These may limit the overall effectiveness of yellow fever surveillance system. Currently there is limited evidence on the effectiveness of the surveillance system amidst the highlighted challenges. We described the yellow fever surveillance, mapped the surveillance system’s processes and evaluated them to identify weaknesses and strengths, and suggested recommendations aimed at improving the system in Uganda.

Methods

The evaluation was conducted in Uganda, a yellow fever-endemic country in Eastern Africa(13). Uganda is characterised as a high-risk country for yellow fever transmission due its low vaccination coverage (4% in 2022) and sporadic outbreaks occurring every 3 to 5 years(14).

We used a mixed method design to evaluate the Ugandan yellow fever surveillance system 2012–2022. We used the US Centre for Disease Control’s Updated Guidelines for Evaluating Public Health Surveillance Systems to assess the system’s performance using key attributes(15) .

We described the yellow fever surveillance system’s purpose, operations, current implementation, and processes using a topic guide and a process map. Additionally, we reviewed relevant documents including guidelines and reports to obtain more information on the system’s process and current implementation using a document review guide. We then assessed the surveillance system’s timeliness, external completeness, internal completeness, and sensitivity using data from the yellow fever surveillance database.

We defined timeliness as median time lag from onset of symptoms to sample collection, submission to the laboratory, and dispatch to receipt at the laboratory. We defined external completeness as proportion of expected sentinel sites reporting in the system. We defined internal completeness as the proportion of reports with all the minimum required data elements filled. We defined sensitivity as the proportion of cases detected through the systems in previous outbreaks.

Furthermore, we assessed the system’s usefulness, acceptability, flexibility, and simplicity. We assessed usefulness using perceptions about actions taken as a result of surveillance outputs. We assessed acceptability using perceived willingness of key stakeholder to participate in the surveillance system. We assessed flexibility using the perceived ability of the surveillance system to cope with changes.

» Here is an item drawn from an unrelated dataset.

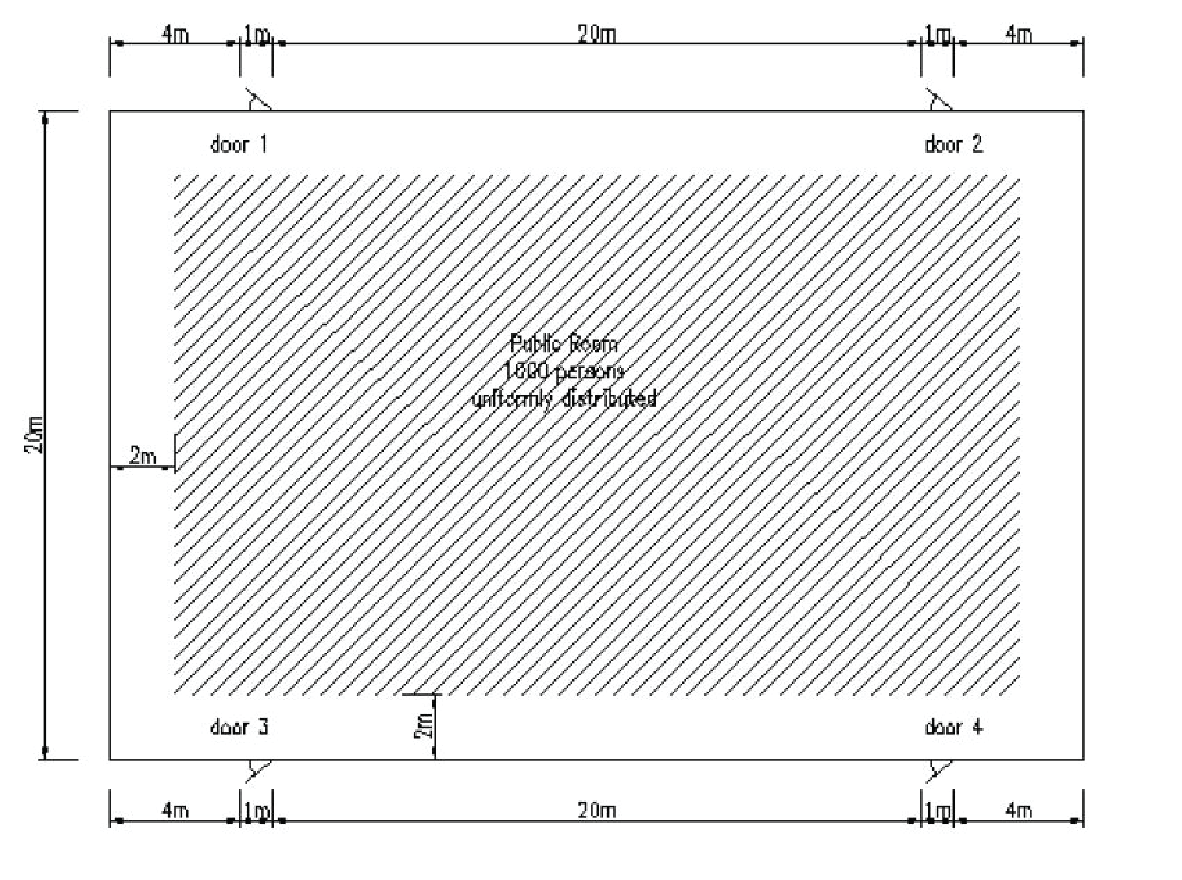 15 Public room with four exits and 1,000 persons (see figure 3) uniformly distributed

We defined simplicity using perceived ease of performing tasks in the yellow fever surveillance system. To assess these attributes (usefulness, acceptability, flexibility and simplicity) we purposively selected key stakeholders at Uganda Virus Research Institute, Ministry of Health, sentinel site health facilities, and non-sentinel site health facilities and conducted key informant interviews.

We used Epi info 7 software (CDC, Atlanta, USA) to analyse quantitative data using descriptive statistics including percentages and medians. Specifically, for timeliness we calculated the median time lag between the onset of symptoms and sample collection, time lag between sample collection and dispatch of sample to the lab and time lag between dispatch to the lab and receipt at the laboratory.

For external completeness we calculated the percentage of the expected yellow fever sentinel sites reporting suspected cases to the yellow fever surveillance system between 2012 to 2022. Internal completeness was calculated as proportion of suspected case records with the all minimum 10 data elements completed  as indicated in the WHO Recommended Surveillance Standards, Second edition(16).

Minimum data elements for case-based reporting for yellow fever include: unique identifier, geographical area (District), date of birth, date of onset of symptoms, ever received yellow fever vaccine, date of sample receipt at the laboratory, tests done, date of result, final classification and final outcome.

For sensitivity we calculated the percentage of cases that were reported through the yellow fever surveillance system in previous outbreaks (yellow fever cases reported through the yellow fever surveillance system divided by the total number of yellow fever cases yellow fever outbreaks in that year).

For qualitative data, we transcribed audio-recorded interviews and analysed data using a deductive thematic analysis in Atlas ti 7 software (Scientific Software Development GmbH, Berlin Germany). Transcripts were coded and themes generated based on pre-conceived themes on the yellow fever surveillance system’s usefulness, acceptability, flexibility, and simplicity.

The Ministry of Health Public Health Emergency Operation’s Centre, the custodian of the yellow fever surveillance data, granted administrative clearance for the access and use of the data in the yellow fever database for this assessment. We further sought administrative clearance from the sentinel sites and non-sentinel site health facilities to the use the data.

In-addition, the Office of the Associate Director for Science, U.S. Centers for Disease Control and Prevention, determined that this study was not a human subjects research with the primary intent of using of surveillance data to guide public health planning and practice.

We obtained verbal consent from interviewees including key stakeholders at Uganda Virus Research Institute, Ministry of Health, sentinel site health facilities, and non-sentinel site health facilities facility staff before data collection using a consent form. Data held on computers were encrypted with a password which was made available to the evaluation team.

Results

Description and operations of the yellow fever surveillance system, Uganda, 2012–2022

The Uganda yellow fever surveillance system, adopted two approaches including both passive and sentinel surveillance.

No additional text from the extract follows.